WORK REQUEST: Could you repeat the entries below exactly, but only from the line with "The release mechanism" through the line with "Platinum World Zipper", and without any picture?

DATASET CONTENT:
....

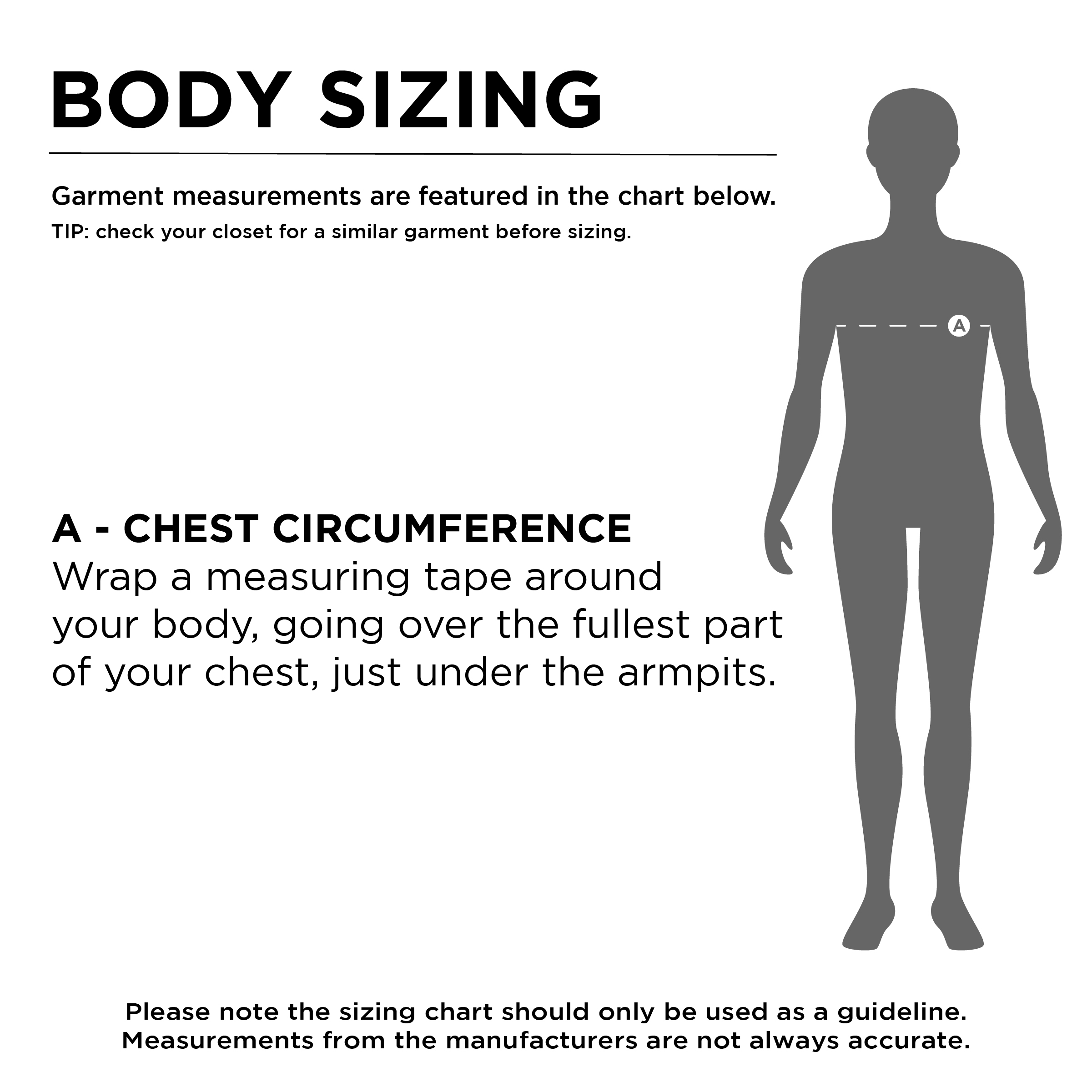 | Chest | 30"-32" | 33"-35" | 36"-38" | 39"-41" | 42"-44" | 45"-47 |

....

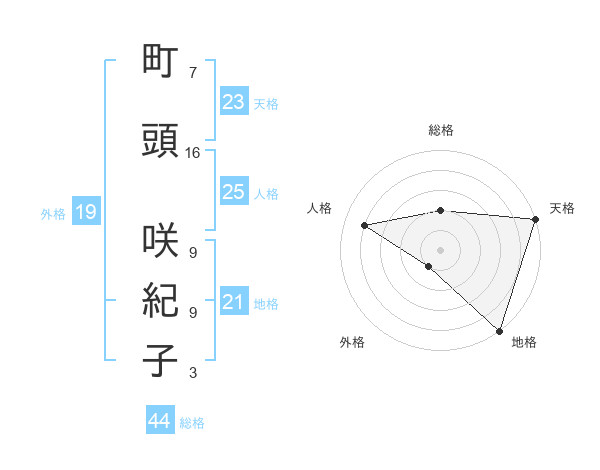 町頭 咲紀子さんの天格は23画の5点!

....

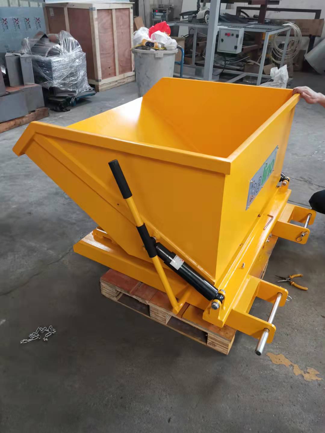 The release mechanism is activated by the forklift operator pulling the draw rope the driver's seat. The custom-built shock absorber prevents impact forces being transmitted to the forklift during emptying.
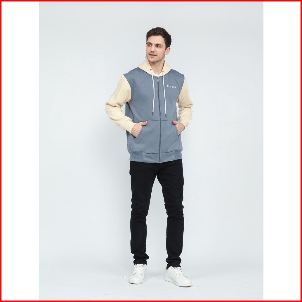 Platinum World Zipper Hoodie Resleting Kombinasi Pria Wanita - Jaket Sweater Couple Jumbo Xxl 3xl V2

....

REPLY:
 The release mechanism is activated by the forklift operator pulling the draw rope the driver's seat. The custom-built shock absorber prevents impact forces being transmitted to the forklift during emptying.
 Platinum World Zipper Hoodie Resleting Kombinasi Pria Wanita - Jaket Sweater Couple Jumbo Xxl 3xl V2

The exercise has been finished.